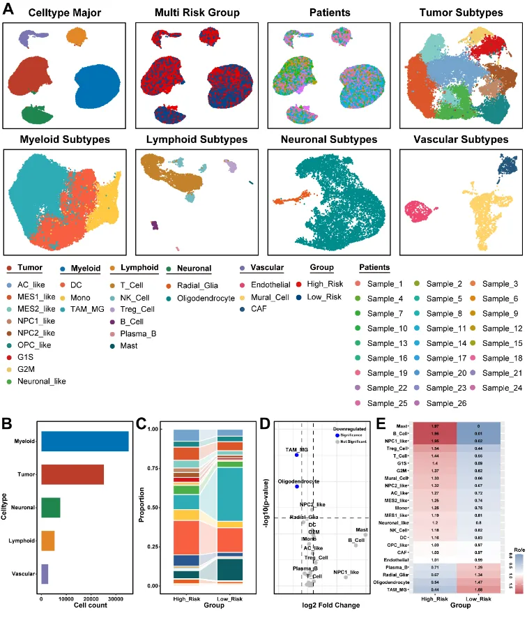 通过对26例患者的单细胞转录组数据进行聚类分析,研究识别出23种细胞亚群。结果显示,低风险组患者中少突胶质细胞样细胞和TAM-MG(微胶质样巨噬细胞) 显著富集,提示这些细胞可能与较好的预后相关。
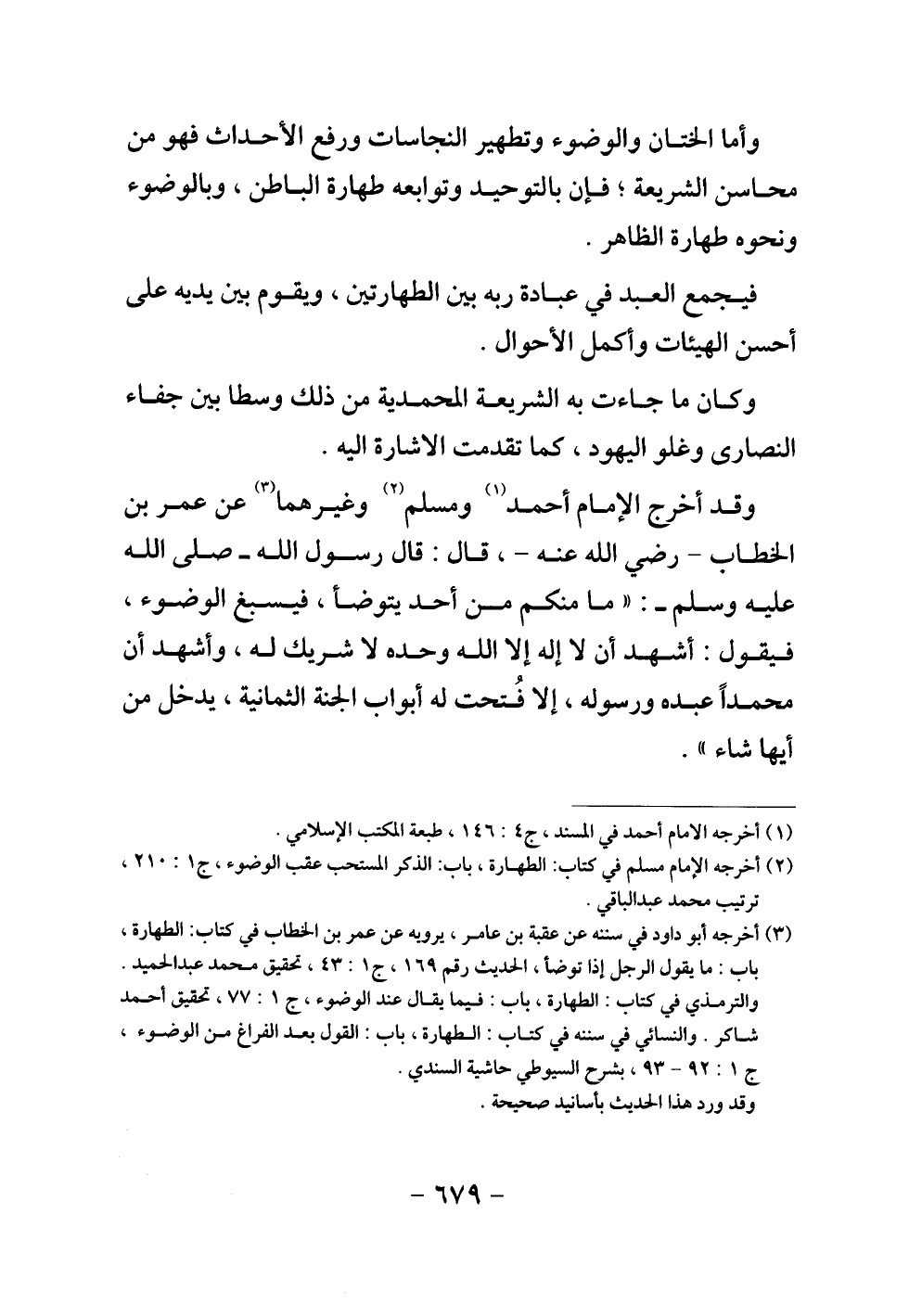 وقد أخرج الإمام أحمد ومسلم وغيرهما عن عمر بن الخطاب - رضي الله عنه - قال: قال رسول الله - صلى الله عليه وسلم -: " «ما منكم من أحد يتوضأ، فيسبغ الوضوء، فيقول: أشهد أن لا إله إلا الله وحده لا شريك له، وأشهد أن محمدا عبده ورسوله، إلا فتحت له أبواب الجنة الثمانية، يدخل من أيها شاء» ".
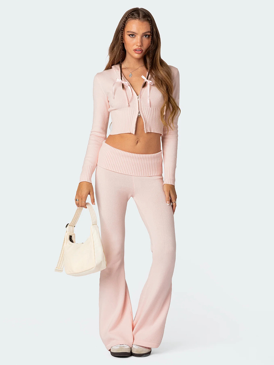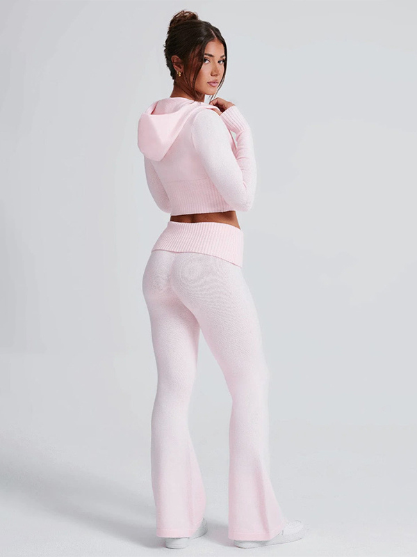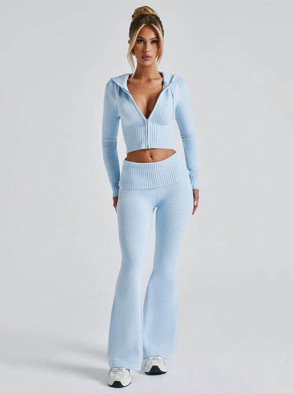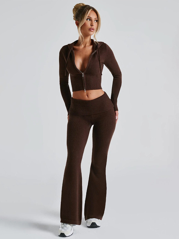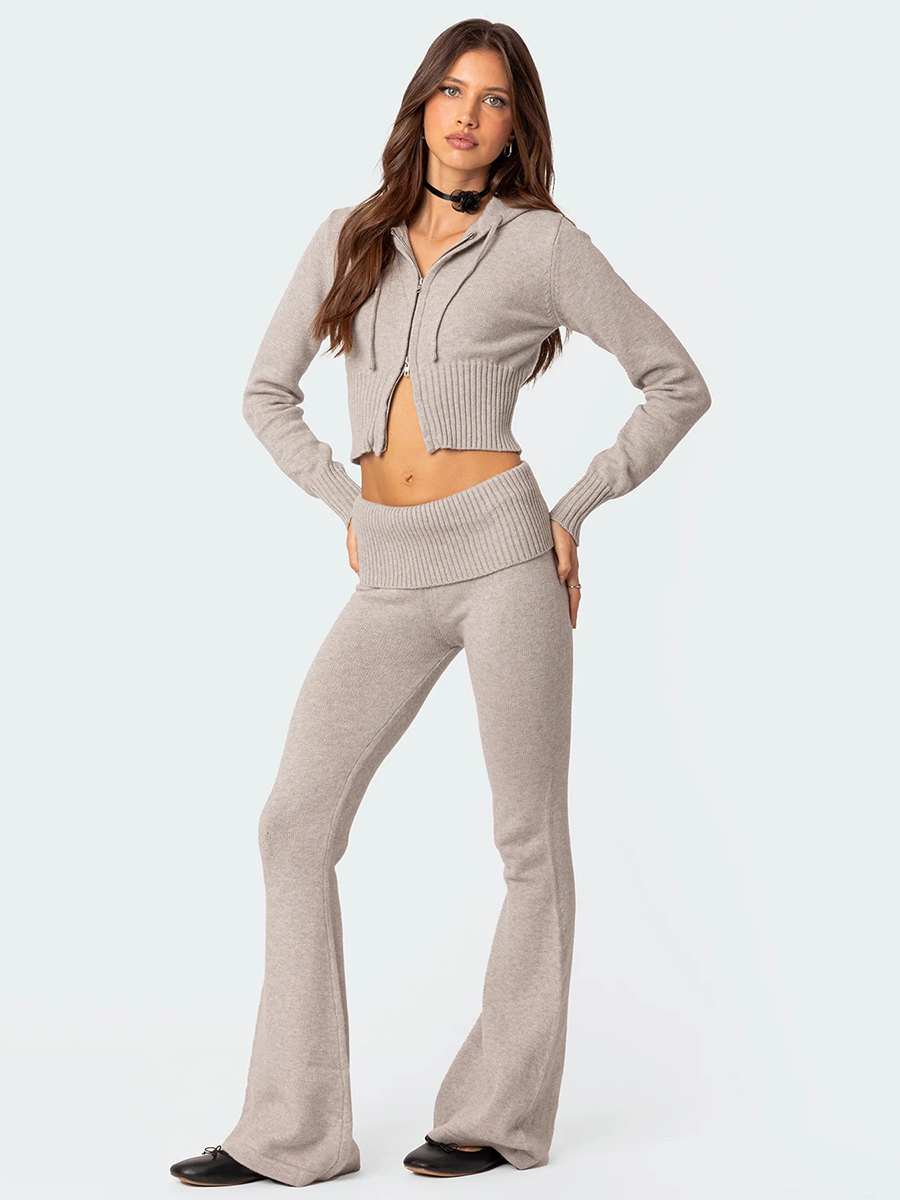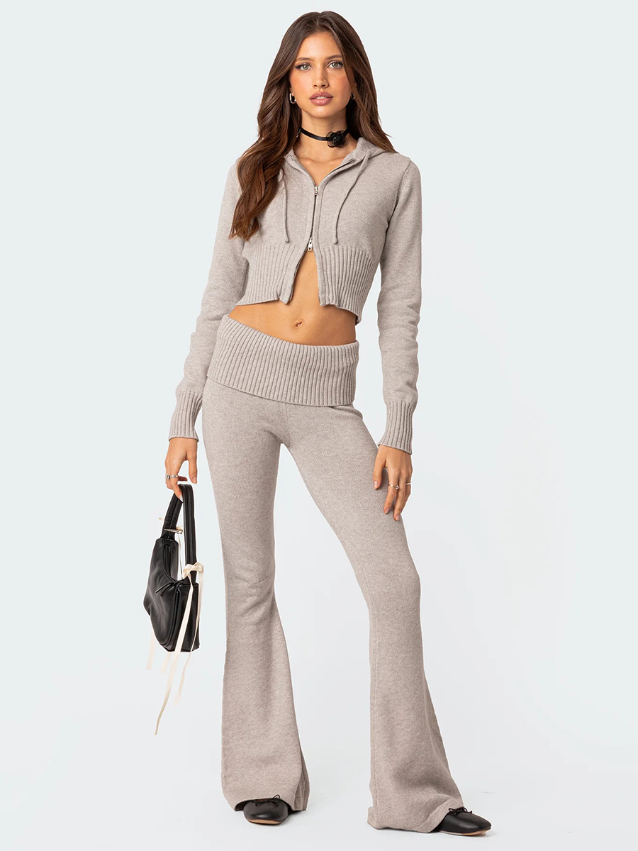ニットクロップドジップアップパーカーとフレアパンツのツーピースコーデセット(レディース 2025年)

[DIRECTIONS FOR THIS TASK]:
Copy out the data verbatim, with no pictures.

[OUTPUT BELOW]:
 通过对26例患者的单细胞转录组数据进行聚类分析,研究识别出23种细胞亚群。结果显示,低风险组患者中少突胶质细胞样细胞和TAM-MG(微胶质样巨噬细胞) 显著富集,提示这些细胞可能与较好的预后相关。
 وقد أخرج الإمام أحمد ومسلم وغيرهما عن عمر بن الخطاب - رضي الله عنه - قال: قال رسول الله - صلى الله عليه وسلم -: " «ما منكم من أحد يتوضأ، فيسبغ الوضوء، فيقول: أشهد أن لا إله إلا الله وحده لا شريك له، وأشهد أن محمدا عبده ورسوله، إلا فتحت له أبواب الجنة الثمانية، يدخل من أيها شاء» ".
ニットクロップドジップアップパーカーとフレアパンツのツーピースコーデセット(レディース 2025年)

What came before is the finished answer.